Thursday, December 11, 2008

Nonprofit Impact

"...[T]he dynamics driving the nonprofit sector actually undermine its organizations'ability to focus on results, despite the mounting pressure to do just that."

Jeffrey L. Bradach, Thomas J Tierney, and Nan Stone, "Delivering on the Promise of Nonprofits," Harvard Business Review, December 2008.

Unfortunately, this article doesn't fulfill the promise of saying much that is new about the nonprofit sectors' struggle to improve impact. After identifying an array of factors that constrain a "high impact" focus, the authors offer the remedies of mission statements, theory of change, good management as well as passionate leadership, and investment in infrastructure.
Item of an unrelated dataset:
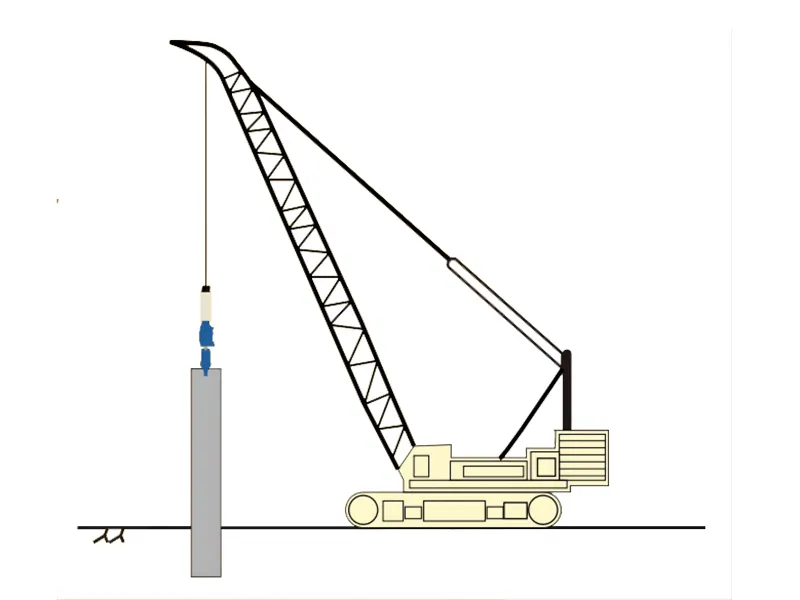 Les marteaux peuvent être suspendus par des grues sur chenilles pour l'opération.

These are good recommendations. Most nonprofits would benefit from adopting them.

I prefer the recent Forces for Good that grapples with the strategies a set of nonprofits evolved to achieve high impact. These cases say a bit more about how to build market share and impact.

A part of my discomfort with these discussions is that we need to be more precise about which nonprofits we are talking about. We simultaneously have too many nonprofits, too few high impact nonprofits, and a lot of nonprofits that are good but not great. Should we apply these nostrums across the field or should we make choices? Which nonprofits have the most potential for moving up? What are the nonprofit characteristics and behaviors that need to be present. And, when is "good" good enough.

Oddly, the article pivots on the story of the Harlem Children Zone and how it changed its theory of change. No mention of results, except for raising lots of money and inspiring replication envy.